We warmed our patient as best we could with fire and dry sleeping bags and coffee, and talked cheerfully of all the people we knew who had been snake-bitten and were none the worse. The ligature was duly loosened at intervals and, after he had been fed and rested, his colour became better, and we began to feel sure that he was not going to suffer serious effects from the bite; in fact, we suspected that the snake had struck part of his boot first and wasted much of its poison on that. We admired the calm, matter-of-fact way he took the whole affair. Even in that predicament he remained the Leader, and told his Henchman what to do.

By some time after midnight we were all dry, and our Melbourne friends' blankets as well. Somehow or other each found a place to lie down and sleep. .

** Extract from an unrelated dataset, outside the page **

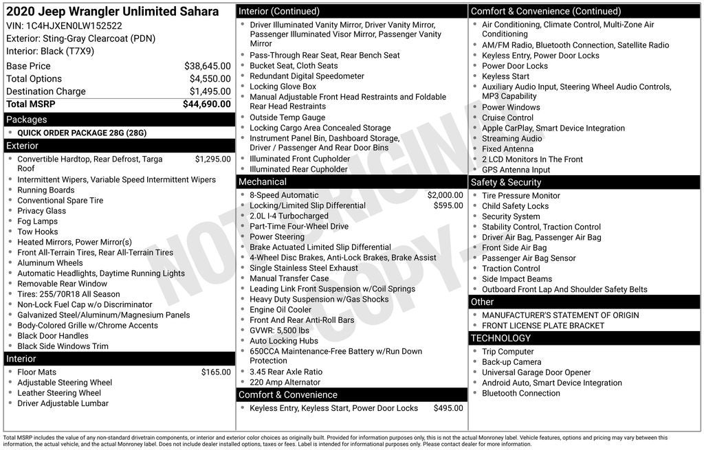 2020 Sting-Gray Clearcoat Jeep Wrangler Unlimited Sahara 4WD 8-Speed Automatic 2.0L I4 DOHC

By daylight the interior of the hut was so unprepossessing that we preferred to breakfast in the light drizzle outside. Our patient seemed quite well except for a stiff and painful leg. He decided to rest it for twenty-four hours and do the last stage of the journey next day As they were now on the well-marked track, and seemed all" right, we left them, saying quite an affectionate farewell to the men we had earlier looked at so askance. Such is the effect of shared experience in the bush.

Later we heard from the patient that he suffered that day rather badly from headache and sickness, but was quite fit to travel on the next day.